Морис?.. Да, я... А ты что – сам не знаешь, как мои дела? Ты не читал газету?.. И про меня ничего нет? Ты уверен?.. Посмотри внимательно: это должно быть на первой странице!.. Значит, на второй! Или на третьей!.. Что?! Их тоже?? Потому что меня тоже взяли!.. То, что слышишь. Я даже в собственный сортир не могу... Но их взяли в Филадельфии, а меня... я знаю, что мой телефон допотопный, но вчера ты прекрасно меня слышал, когда я говорил по этому же допотопному... Но все равно: они бельгийцы, а я... Ну и что же, что их одиннадцать? Когда речь идет о человеческой жизни, разве количество... Послушай, Морис, о чем мы спорим? Если тебе наплевать, что я... Я знаю, что тебе не наплевать, иначе бы я... Двадцать тысяч. Сначала они требовали пятьдесят, но я сказал, что пусть тогда убивают сразу... Ты же прекрасно знаешь, что после той операции у меня не осталось ни гроша!.. А я и не подозреваю, что ты миллионер, я просто думал, что если тебе не наплевать... Но двадцать тысяч в конце концов не такая гигантская сумма... Хорошо, пусть гигантская, я согласен, но... Еще вчера ты ни про какие Багамские острова не заикался!.. Почему не понимаю? Я все отлично понимаю: крошка должна отдохнуть, а я должен подохнуть... Пессимист? А ты что, на моем месте прыгал бы от радости?.. Счастливого полета. Надеюсь, что вас не захватят в воздухе... Ну и что, что застраховался? От пули в лоб ты тоже застраховался?
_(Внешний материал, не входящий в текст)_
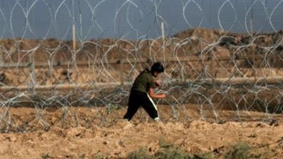 فتى فلسطيني يحاول قطع السياج الشائك عند الخط الفاصل بين قطاع غزة واسرائيل

Ладно, мне некогда. (Вешает трубку.) Св-волочь!

 

     Включает телевизор и попадает на детскую передачу.

 

«Бабушка, а почему у тебя такие большие глазки?» — «Это чтобы лучше видеть тебя, внучка». — «Бабушка, а почему у тебя такие большие уши?» — «Это чтобы лучше слышать тебя, внучка». — «Бабушка, а почему у тебя такие большие зубы?»

 

     Переключает на другую программу. Кто-то уверенным профессорским голосом вещает.

 

«Нефтяной кризис грозит самым основам современной цивилизации. Потребление энергии, которое удваивалось каждые десять лет, выросло так, что...».

 

     Он снова переключает программу, но тут в комнату врывается пальба, и он с раздражением выключает телевизор и вновь снимает телефонную трубку. Два первых номера не ответили. Но зато ответил третий.

 

Сузи? Где ты была? Я звоню тебе целый... Кто тебе сказал, что я ревную? Я... С кем ты меня видела? Я уже восемь часов не выхожу из дому... Послушай, дай мне сказать... Но откуда ты знаешь, что я...

 

     Она продолжает говорить, и он – видимо, по привычке – отставляет телефонную трубку, давая ей выговориться, покорно ожидая, когда это словоизвержение хоть на мгновение прервется, чтобы перехватить инициативу. Наконец он не выдерживает.

 

Сузи! Меня захватили!.. Какие бабы? О чем ты говоришь? Мужчины. Четверо мужчин и какая-то девка. Они взяли меня заложником. Уже два часа они не разрешают мне даже сходить в уборную... Откуда я знаю, почему именно меня?.. Ну конечно, я не еврей. Мало ли у кого какая фамилия!.. Хорошо, я им скажу, но это вряд ли поможет... Двадцать тысяч, минимум. Сначала пятьдесят, но потом... Я знаю, что у тебя нет, но, может быть, твой брат... Послушай, но ведь это совершенно разные вещи! Одно дело не терпеть кого-то, а другое – помочь человеку, которому грозит... А он еще не вернулся? Ну так свяжись со стокгольмской конторой и узнай, где он, черт побери!.. Не могу дозвониться. Она должна была сегодня съездить с девочкой к ортопеду, и до сих пор их нет... Поля тоже нет. Возможно, его вообще нет в городе, он часто уезжает по партийным делам, будь они прокляты! А как это я могу не нервничать? Через три часа меня убьют! За три часа человека можно в джунглях разыскать, не то что в Швеции!.. Я знаю, что он будет не в восторге. Я тебе всегда говорил, что он подонок... Потому и обращаюсь, что больше не к кому! Неужели ты думаешь, что я бы к нему обратился, если бы... Хорошо, пусть я ошибся. Признаю. Беру свои слова назад. И извиняюсь. Он не подонок. Это я подонок. Но мне надо помочь... Послушай, мы тратим время, а у меня его нет! Ты понимаешь или... Хорошо, я не кричу. Ладно... Я жду твоего звонка.

 

     Он сгорбился и не сразу кладет трубку. Потом вскакивает, нервно набирает еще один номер и тут же кладет трубку.

 

Послушайте! (Кричит в дверь.) Может быть, вы думаете, что я еврей? Но я не еврей: мой отец француз, а мать датчанка. Я необрезан. Можете достовериться!

 

     Переминается с ноги на ногу, тщетно дожидаясь ответа. Потом садится за стол и снова набирает номер. Безуспешно. Вскакивает и начинает ходить по комнате, судорожно стараясь найти выход из положения. Потом хватает телефонную книгу и начинает искать нужную фамилию.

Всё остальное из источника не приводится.